3 minute read
ENDLESS POSSIBILITIES for the arts in South Dakota
By Michael Orlove, Director of State, Regional & Local Partnerships, National Endowment for the Arts
As I sat on my flight back to Washington, DC, from South Dakota, I couldn’t help but marvel at the vast and beautiful landscape that I had the privilege to travel this past week. Thanks to my colleague Patrick Baker, executive director of the South Dakota Arts Council, we covered a good deal of ground—832 miles to be exact— visiting a total of nine cities, towns and tribal communities in just three days. With meetings in Sioux Falls, Brookings, Faulkton, Eagle Butte, Pierre, Porcupine, Pine Ridge and Rapid City, it was an incredible introduction to the state for a first-timer.
It would be nearly impossible to recount all of the conversations, meetings and encounters that took place but I return home with a strong impression that the arts are well integrated into the everyday life of South Dakotans.
You appreciate it driving through on the interstate—the bales of hay dotting the landscape reminding me of the extraordinary work of Harvey Dunn that I experienced at the South Dakota Art Museum in Brookings. You see it as you pass through small towns like Faulkton and observe murals on towering grain elevators from several miles away.
You understand it when you talk to arts champions like Julie, Rita, Stacy and Jane who hail from Yankton, De Smet, Aberdeen and Sisseton and speak proudly about serving their communities as the leaders—sometimes as volunteers—of their local arts councils.

front row from left, Stacy Braun, Janet Brown, Michael Orlove, Julie Amsberry, Rita Anderson and Jane Rasmussen. Back row, Patrick Baker, Jim Speirs and Andrew Reinartz. The group met with Orlove in Sioux Falls.
You experience it touring through exhibitions like the Red Cloud Indian Art Show at the Heritage Center in the Pine Ridge Reservation or taking in the art lining the walls of the Capitol Building in Pierre. You are overwhelmed by its presence, importance and mission when visiting Cheyenne River Youth Project in Eagle Butte. You are inspired by it when visiting with the team at Thunder Valley Community Development Corporation in Porcupine and learning about the innovative projects that First Peoples Fund has initiated like the Rolling Rez Arts mobile arts space. The arts are omnipresent in South Dakota and these arts leaders are helping shape, define, inspire and guide arts and culture throughout the state.

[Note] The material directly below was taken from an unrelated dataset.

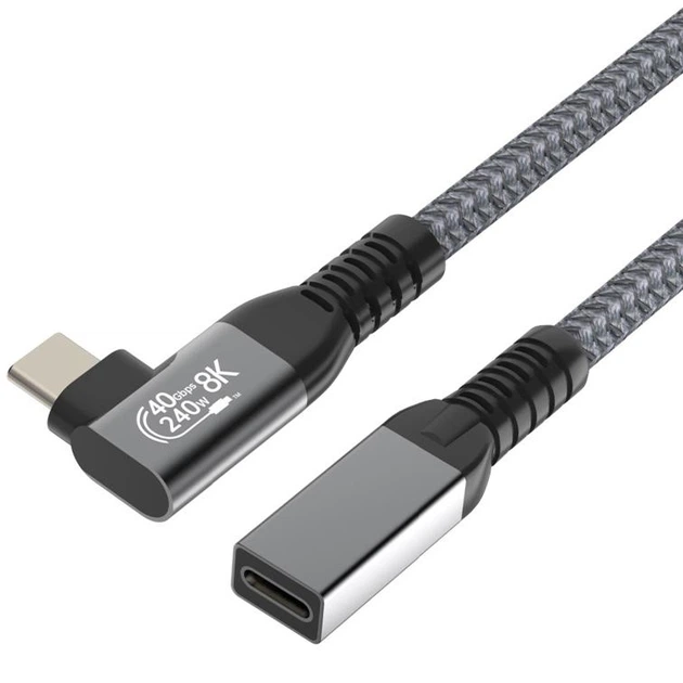 Кабель подовжувач кутовий 90 градусів Type-C – Type-C USB 4.0 Gen2 PD 240W Thunderbolt 4 0.2 м Сірий

Michael Orlove, Julie Garreau and Jerica Widow-Rivers of CRYP, and Patrick Baker in the Keya Café at Cheyenne River Youth Project, Eagle Butte.
I am grateful to all those I had the chance to meet along the way. Special thanks to Jim Speirs and Andrew Reinartz of Arts South Dakota and to Janet Brown for encouraging my visit and helping arrange my first day in Sioux Falls. I was truly amazed at how—in a state that is predominately rural—the arts play a central role in everyday life. I couldn’t be more proud of the National Endowment for the Arts’ work with the South Dakota Arts Council and all the individual grants we make each year throughout the state.
I leave South Dakota with many visual memories of the natural beauty of the state and also of my very first glimpse of South Dakota Artist Laureate Dale Lamphere’s sculpture Arc of Dreams as a reminder that there are endless possibilities for the arts in South Dakota.

Editor’s note:
In his current role, Michael Orlove directs National Endowment for the Arts funding and other assistance to 56 state and jurisdictional arts agencies, six regional arts agencies and local arts agencies across the country. For seven years, he was the Endowment’s director of Artist Communities and Presenting & Multidisciplinary Works. Orlove recently spent time touring South Dakota and meeting arts leaders across the state.